Hemsley A, Arnheim N, Toney M D, Cortopassi G, Galas D J
Department of Molecular Biology, University of Southern California, Los Angeles 90089-1340.
Nucleic Acids Res. 1989 Aug 25;17(16):6545-51. doi: 10.1093/nar/17.16.6545.
We have developed a general and simple method for directing specific sequence changes in a plasmid using primed amplification by the polymerase chain reaction (PCR). The method is based on the amplification of the entire plasmid using primers that include the desired changes. The method is rapid, simple in its execution, and requires only minute amounts of plasmid template DNA. It is significant that there are no special requirements for appropriately placed restriction sites in the sequence to be manipulated. In our system the yield of transformants was high and the fraction of them harboring plasmids with only the desired change was consistently about 80%. The generality of the method should make it useful for the direct alteration of most cloned genes. The only limitation may be the total length of the plasmid to be manipulated. During the study we found that the Taq DNA polymerase used for PCR adds on a single extra base (usually an A) at the end of a large fraction of the newly synthesized chains. These had to be removed by the Klenow fragment of DNA polymerase to insure restoration of the gene sequence.
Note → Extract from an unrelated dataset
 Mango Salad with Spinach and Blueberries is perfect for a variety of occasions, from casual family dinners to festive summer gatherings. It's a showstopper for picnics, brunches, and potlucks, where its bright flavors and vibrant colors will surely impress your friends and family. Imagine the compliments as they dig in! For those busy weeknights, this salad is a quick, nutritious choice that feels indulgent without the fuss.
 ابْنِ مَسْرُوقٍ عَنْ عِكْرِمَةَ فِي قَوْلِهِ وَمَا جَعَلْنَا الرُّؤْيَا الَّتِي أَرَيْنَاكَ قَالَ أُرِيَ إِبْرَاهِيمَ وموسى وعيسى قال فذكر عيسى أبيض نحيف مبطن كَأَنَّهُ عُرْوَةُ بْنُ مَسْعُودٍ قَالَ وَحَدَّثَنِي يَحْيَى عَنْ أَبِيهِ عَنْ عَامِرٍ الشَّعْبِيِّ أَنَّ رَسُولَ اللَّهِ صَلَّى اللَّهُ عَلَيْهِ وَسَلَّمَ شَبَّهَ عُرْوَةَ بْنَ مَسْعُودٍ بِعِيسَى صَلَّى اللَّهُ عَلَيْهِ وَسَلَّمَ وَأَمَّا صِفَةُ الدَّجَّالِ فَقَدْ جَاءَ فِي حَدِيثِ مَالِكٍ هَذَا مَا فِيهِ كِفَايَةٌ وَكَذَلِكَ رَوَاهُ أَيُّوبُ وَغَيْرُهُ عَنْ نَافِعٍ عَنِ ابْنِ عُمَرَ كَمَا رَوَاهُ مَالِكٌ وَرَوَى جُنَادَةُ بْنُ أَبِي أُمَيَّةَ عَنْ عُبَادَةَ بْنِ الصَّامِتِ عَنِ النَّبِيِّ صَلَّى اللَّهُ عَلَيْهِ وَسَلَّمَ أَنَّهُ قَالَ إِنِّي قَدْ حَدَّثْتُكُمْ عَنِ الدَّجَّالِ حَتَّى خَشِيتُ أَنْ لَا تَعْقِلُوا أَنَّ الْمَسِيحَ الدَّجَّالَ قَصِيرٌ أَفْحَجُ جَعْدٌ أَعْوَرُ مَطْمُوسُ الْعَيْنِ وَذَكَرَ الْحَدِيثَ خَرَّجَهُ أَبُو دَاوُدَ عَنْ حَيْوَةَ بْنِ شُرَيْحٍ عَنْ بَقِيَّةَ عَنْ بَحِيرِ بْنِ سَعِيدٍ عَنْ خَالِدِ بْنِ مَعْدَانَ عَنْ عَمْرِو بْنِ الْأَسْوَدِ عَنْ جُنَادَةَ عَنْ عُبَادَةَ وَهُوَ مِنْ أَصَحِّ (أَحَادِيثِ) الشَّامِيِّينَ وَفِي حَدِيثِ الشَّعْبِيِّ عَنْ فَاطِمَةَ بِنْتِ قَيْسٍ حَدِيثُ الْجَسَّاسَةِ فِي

我们开发了一种通用且简单的方法,利用聚合酶链反应(PCR)引发的扩增来指导质粒中的特定序列变化。该方法基于使用包含所需变化的引物对整个质粒进行扩增。此方法快速、操作简单,仅需微量的质粒模板DNA。值得注意的是,对于待操作序列中适当位置的限制性酶切位点没有特殊要求。在我们的系统中,转化子的产量很高,其中仅含有所需变化质粒的比例始终约为80%。该方法的通用性使其可用于大多数克隆基因的直接改造。唯一的限制可能是待操作质粒的总长度。在研究过程中我们发现,用于PCR的Taq DNA聚合酶会在很大一部分新合成链的末端额外添加一个碱基(通常是A)。必须通过DNA聚合酶的Klenow片段将这些碱基去除,以确保基因序列的恢复。